Вспоминая, как тогда читал это письмо, я понял, что мои нынешние приступы жалости к тем, кто никому не внушает сочувствия, не одно следствие немощи усталого духа и больного тела, как я думал до сих пор. Я был тогда молод, полон сил, и что ж? Право слово, этот анекдот заставил меня пожалеть Миллера.

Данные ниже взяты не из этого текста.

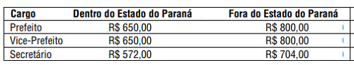Para prefeito a diária é de R$ 650 dentro do Estado e de R$ 800 para fora (Brasília, basicamente).
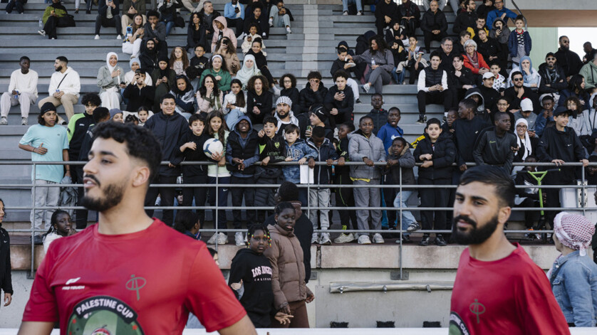 Ce 20 avril, le stade Gabriel-Péri est paré aux couleurs de la Palestine. Les drapeaux flottent au vent, tandis que l’odeur des snacks embaume le site. Les tribunes, elles, se remplissent. Enfants, jeunes et adultes de Vitry ou venus de Gaza s’amusent et discutent dans une ambiance bon enfant.

Миллера, который был кошмаром моих детских снов! Человека, некогда внушавшего мне отвращение, близкое к ужасу… Молодой ученый-ипохондрик со своими тщетными претензиями, педантством и гневными вспышками показался мне едва ли не симпатичным. За его нелепыми выходками угадывалась та же безотчетная тоска, что и меня самого порой делала неуравновешенным, а для кого-то, может статься, попросту отталкивающим…
Чур, чур меня! Что за дикое сопоставление! Снова, как когда-то, на меня глянули мертвые зрачки Рыбы, в ушах явственно заклокотало мерзкое «ххе-ххе-ххе»… Отбросив письмо, я вскочил, злой и смущенный. Опыт приучил меня опасаться капризов собственного воображения, и я, казалось, давно справился с этой напастью. С чего бы опять так распуститься? Эдаким манером и до галлюцинаций недолго дойти. Вот, извольте: во рту сухость, виски ломит, познабливает даже.
— Аграфена Потаповна! — крикнул я, собираясь попросить, чтобы Груша принесла чаю. И снова нервный холодок прошел по спине: слишком уж скоро Груша явилась в дверях. Еще прежде, чем отзвучал мой зов. Что она там делала, стоя за дверью? Подслушивала? Подглядывала?
— К вам опять барыня Завалишина пожаловали! — звонко объявила Груша. — Просить?
ГЛАВА ПЯТАЯ
Опрометчивость
В последнее время я все чаще использую для писания присутственные часы. Мирошкин уже несколько раз, обиженно надувшись, заводил речь о том, что мы приходим на службу не затем, чтобы заниматься посторонними делами. Но коль скоро ни он сам, ни кто-либо другой не мог бы удовлетворительно объяснить, зачем мы туда приходим, а я, симулируя то ли глухоту, то ли глубокую задумчивость, ни словом не отвечаю на его выпады, Мирошкин счел за благо оставить меня в покое.
Да он и сам какой-то издерганный. Жару плохо переносит? С начальством нелады? Кто его разберет. Удивительнее всего, что ни он, ни прочие товарищи по несчастью более не в силах мне помешать. Я либо вовсе не слышу их разговоров, либо речи эти проскакивают мимо сознания, почти не задевая его.
— Мы вас выдвинули! — кричит, допустим, Мирошкин Ольге Адольфовне (ее недавно повысили из машинисток в секретари). — Выдвинули, а вы не проявляете никакой общественной сознательности!
— Так задвиньте обратно.
— Это несерьезно! Думаете, на вас управы не найдется? Ошибаетесь! Мы вам хвоста накрутим!
— Что вы сказали? Мне? Накрутить хвоста! Вы с ума сошли!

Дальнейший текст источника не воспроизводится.